Mr Morgan Griffiths, Strategic Lead: Advocacy, Wildlife and Environment Society of South Africa (WESSA), said they supported this Bill, which was aimed at significantly improving the safe and appropriate management of sewage, waste and air emissions from marine vessels.

The first concern of WESSA was that the Bill did not cover ships moving within SA's territorial waters, nor between these waters and the high seas. It was proposed that Regulation 2.1 be extended to include ships engaged in voyages within and between SA's territorial waters and the high seas.

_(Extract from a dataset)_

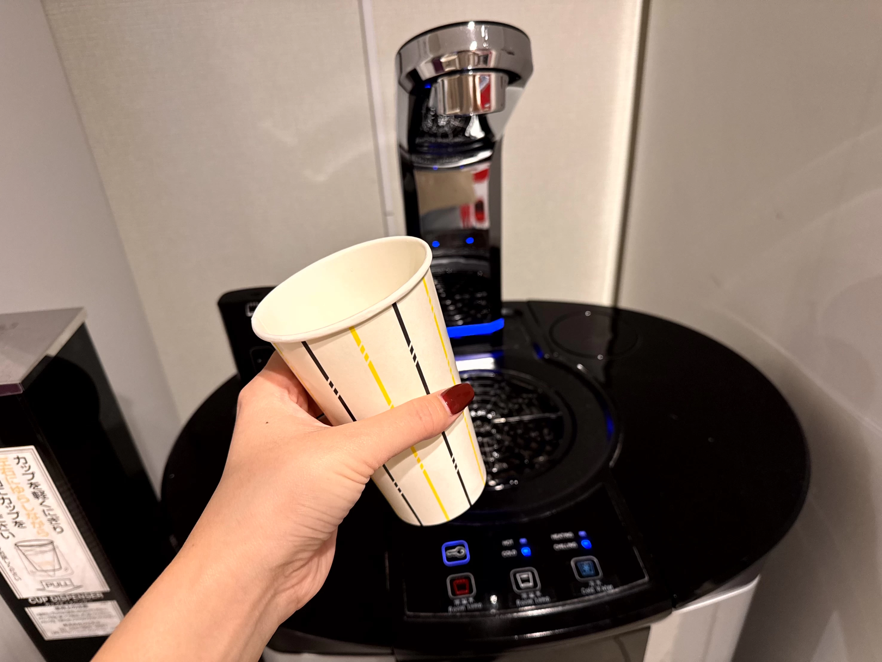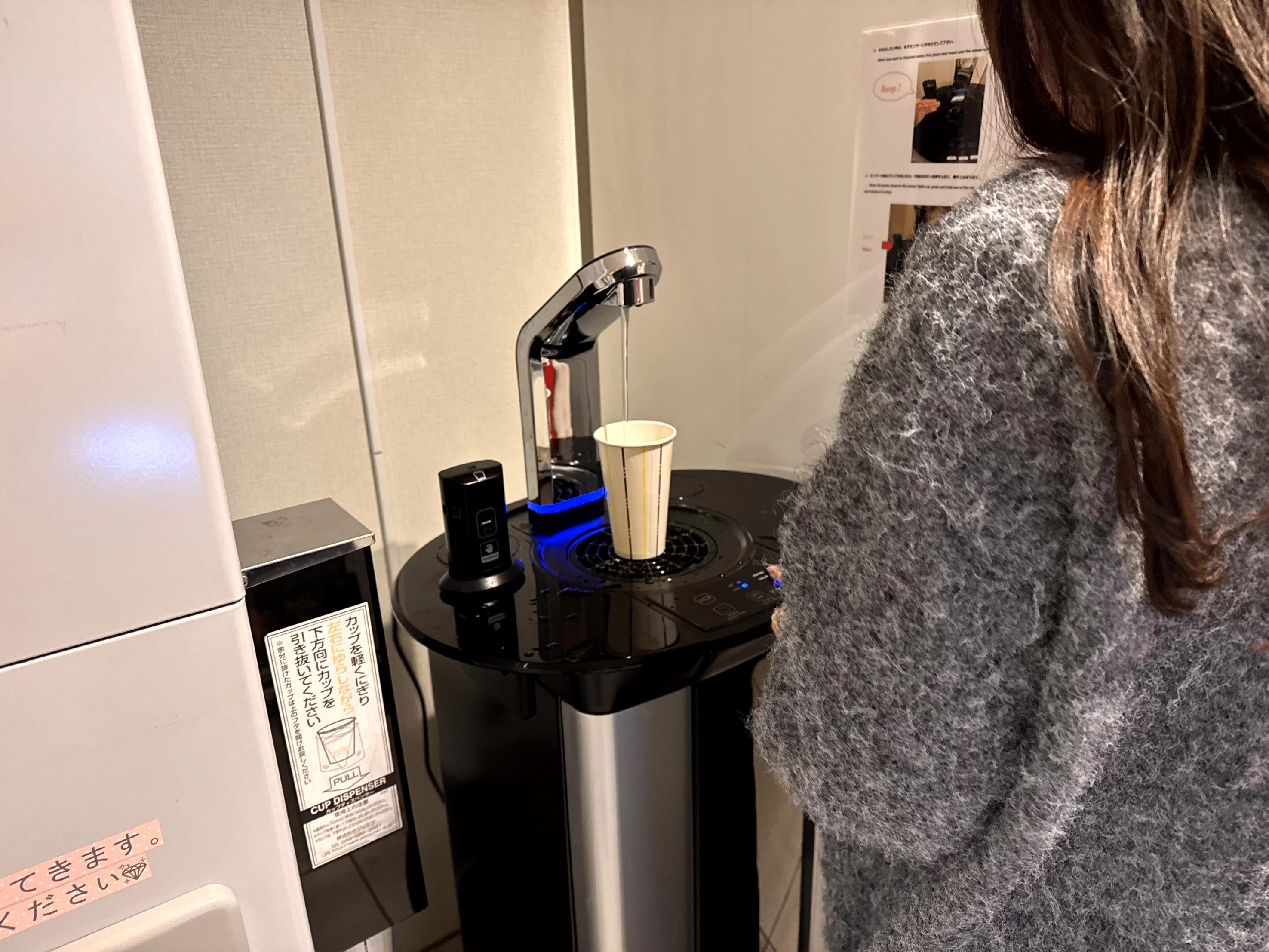このホテルは、1階にウォーターサーバーが設置されています。 部屋には水差し(ピッチャー)が用意されているので、ここで水を汲んで部屋に持ち帰ることができるんです。 お風呂上がりに冷たい水をガブ飲みできる幸せ! 部屋にあるケトルを使えば、すぐにお湯も沸かせます。カップラーメンやモーニングコーヒーも水道水を使わずに作れるのは、精神衛生上、とてもよかったです。
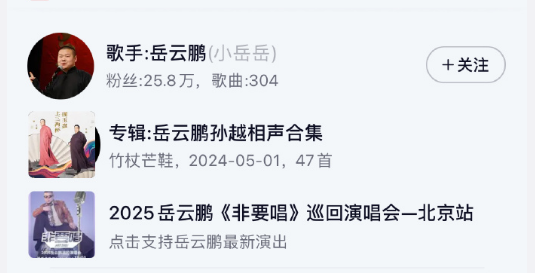 值得注意的是,在网易云音乐查询发现,岳云鹏在网易云音乐上面的认证身份是歌手,歌单除了《五环之歌》,还有《春歌》《送情郎》《往事只能回味》等歌曲。

The second concern was that the threshold of these regulations applied only to ships above 400 gross tonnage. It was proposed that they should extend them to all ships above 100 gross tonnage. Emissions were growing, and were not aligned with keeping within the Paris Agreement’s 1.5oC target. The regulations proposed by this Bill were crucial to curbing shipping greenhouse gases (GHGs).

The third concern was that inorganics and solids in sewage would continue to be discharged overboard. WESSA proposed adding a regulation to require ships to separate out inorganics and solids from sewage, for disposal on land, and also that sewage be macerated before being disposed of into the sea.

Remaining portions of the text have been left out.